Install the chart with release name my-release:

helm install my-release dgs/dgs \
    --set-file graphSchema=/path/to/schema/json/file \
    --set kafka.dl2spl.brokers=[your kafka broker list of dl2spl] \
    --set kafka.dl2spl.topic="your_kafka_topic_of_dl2spl" \
    --set kafka.dl2spl.partitions=your_kafka_partitions_of_dl2spl \
    --set kafka.spl2srv.brokers=[your kafka broker list of spl2srv] \
    --set kafka.spl2srv.topic="your_kafka_topic_of_spl2srv" \
    --set kafka.spl2srv.partitions=your_kafka_partitions_of_spl2srv

The graph schema must be specified from a json string or file by parameter graphSchema. An example schema file can be followed to write your customized graph schema.

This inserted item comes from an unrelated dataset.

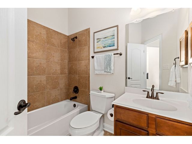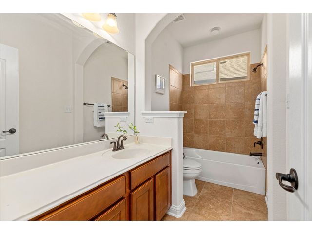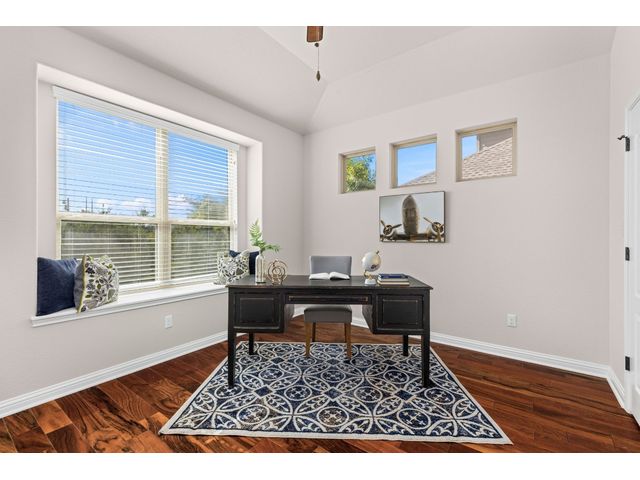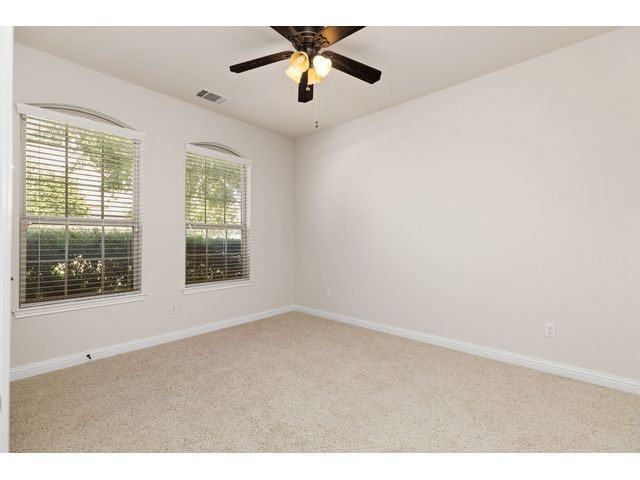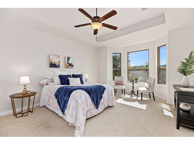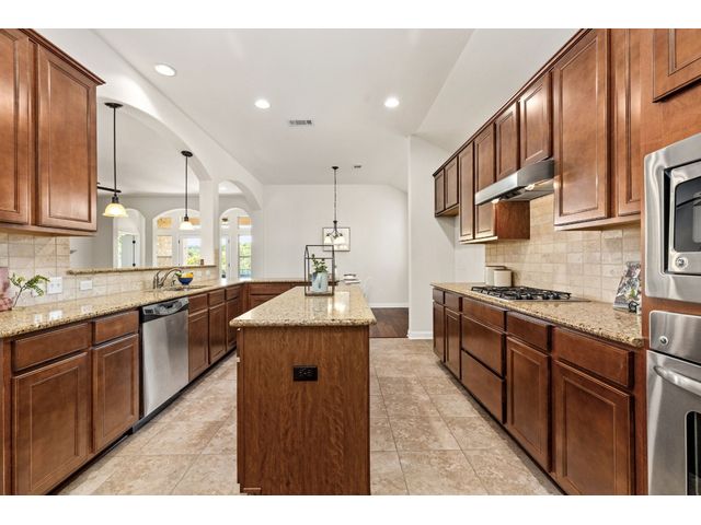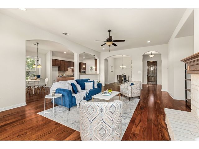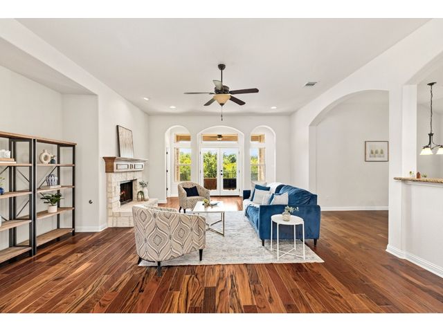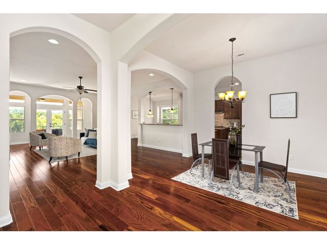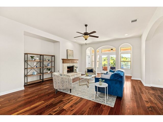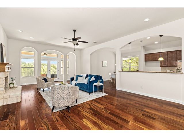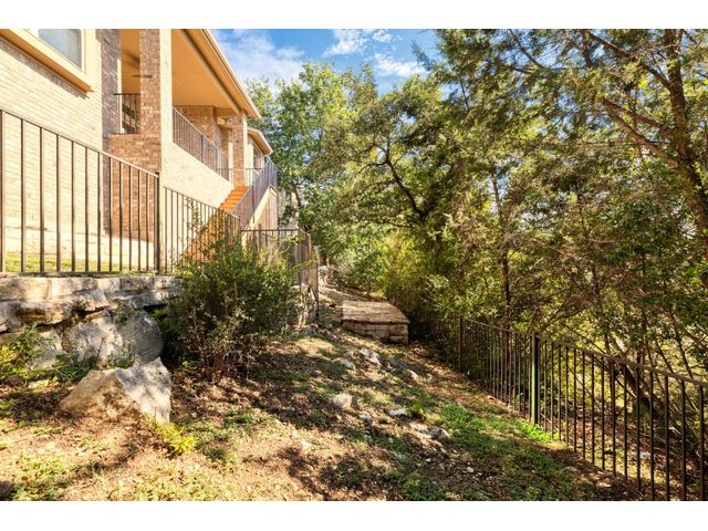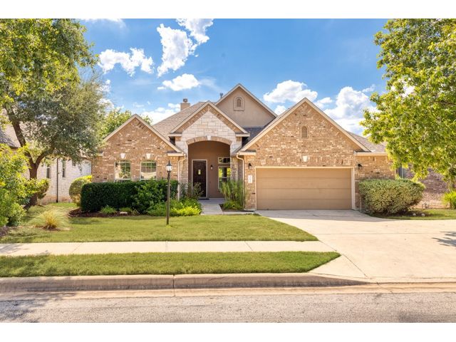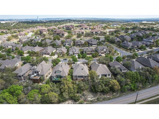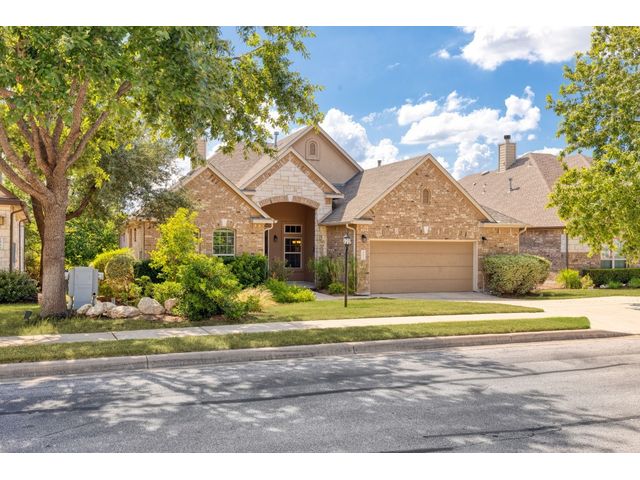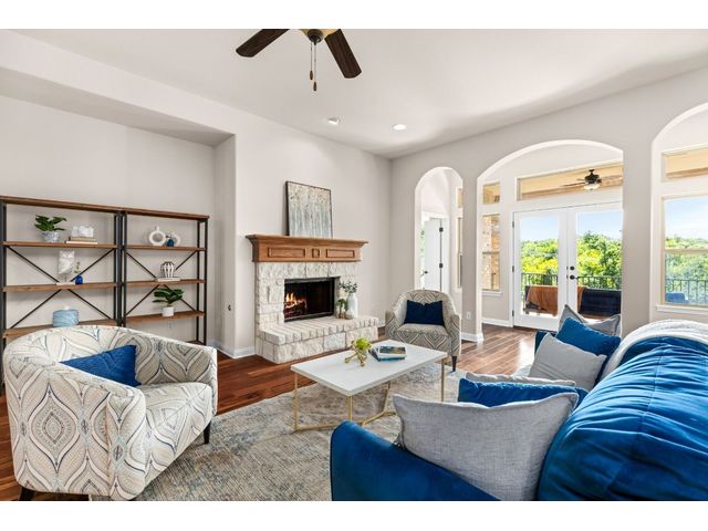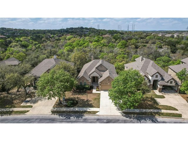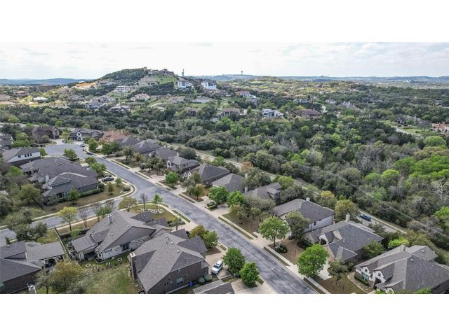 This beautiful, freshly painted one-story home in Lakeway offers four bedrooms and three full baths. As you enter through the covered front porch, you'll be welcomed by a warm and inviting atmosphere with lovely arches leading your view to the stunning Hill Country scenery visible from the private backyard. The primary bedroom is a peaceful retreat with a coffered ceiling, recessed lighting, and a ceiling fan. Its bathroom features double vanities, a garden tub, a separate shower, and a spacious walk-in closet with built-in shelves. Two bedrooms are positioned on opposite sides of the home, with a full bath conveniently between them. The fourth bedroom, which could also serve as an office, boasts hardwood floors and a lovely view, along with its own full bath. The gourmet kitchen is a highlight, featuring built-in appliances and elegant granite countertops. Enjoy outdoor relaxation and entertainment on the private back porch, surrounded by the beauty of the Hill Country. Located in the desirable Lakeway area, this move-in-ready home is waiting for you!

The info of dl2spl and spl2srv of your pre-deployed kafka cluster should be configured when you install the chart, refer to Kafka service parameters

These commands deploy Dynamic-Graph-Service on the Kubernetes cluster in the default configuration. The Parameters section lists the parameters that can be configured during installation.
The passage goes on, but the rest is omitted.